Segment Start: Data segment
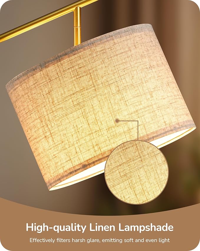 EDISHINE 64.7" Modern Minimalist Floor Lamps for Living Room with 3 Color Temperatures Bulb & Adjustable Linen Shade, Foot Pedal Switch, Tall Standing Lamp for Bedroom Office, Gold
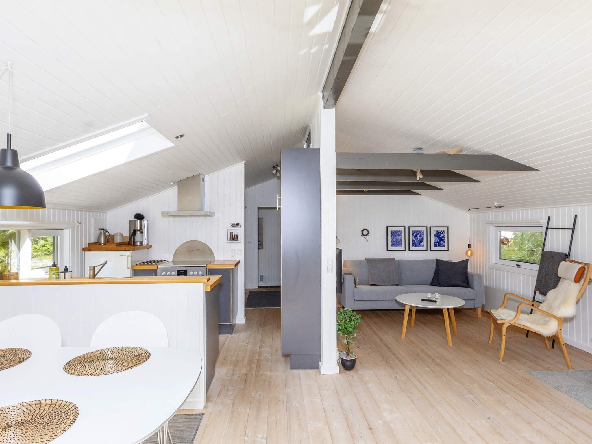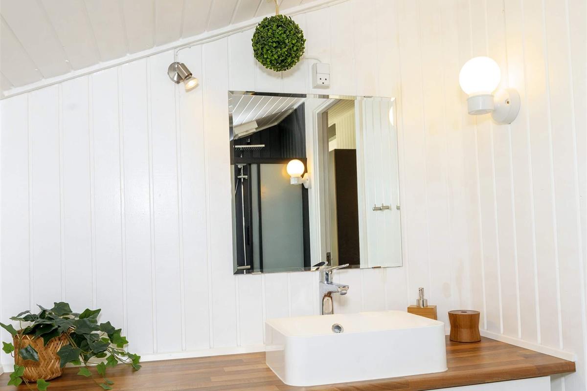 Dieses charmante Ferienhaus mit Sauna liegt versteckt am Ende einer ruhigen Sackgasse in der Nähe von Kollerup Strand und bietet absolute Privatsphäre und einen ruhigen Rückzugsort. Ein praktischer Hauswirtschaftsraum im Eingangsbereich verfügt über eine Waschmaschine und einen Trockner und bietet Zugang zu zwei Doppelzimmern mit Dachschrägen und direktem Zugang zur Sauna. Zusätzlich gibt es ein Schlafzimmer mit einem Einzelbett und ein helles Badezimmer mit Dusche – Komfort und Bequemlichkeit für die ganze Familie.
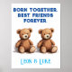 Conception de petits ours : si mignon, si unique pour une crèche jumelle. "Né ensemble. Meilleurs amis pour toujours". Personnalisez avec des noms de jumeaux. Belle affiche au design vintage. Voir mon autre gamme de produits pour petits ours.
Segment End: Data segment
■ Action item: A word-for-word copy of all the data, without pictures, is the expected output.

■ Task result:
 EDISHINE 64.7" Modern Minimalist Floor Lamps for Living Room with 3 Color Temperatures Bulb & Adjustable Linen Shade, Foot Pedal Switch, Tall Standing Lamp for Bedroom Office, Gold
 Dieses charmante Ferienhaus mit Sauna liegt versteckt am Ende einer ruhigen Sackgasse in der Nähe von Kollerup Strand und bietet absolute Privatsphäre und einen ruhigen Rückzugsort. Ein praktischer Hauswirtschaftsraum im Eingangsbereich verfügt über eine Waschmaschine und einen Trockner und bietet Zugang zu zwei Doppelzimmern mit Dachschrägen und direktem Zugang zur Sauna. Zusätzlich gibt es ein Schlafzimmer mit einem Einzelbett und ein helles Badezimmer mit Dusche – Komfort und Bequemlichkeit für die ganze Familie.
 Conception de petits ours : si mignon, si unique pour une crèche jumelle. "Né ensemble. Meilleurs amis pour toujours". Personnalisez avec des noms de jumeaux. Belle affiche au design vintage. Voir mon autre gamme de produits pour petits ours.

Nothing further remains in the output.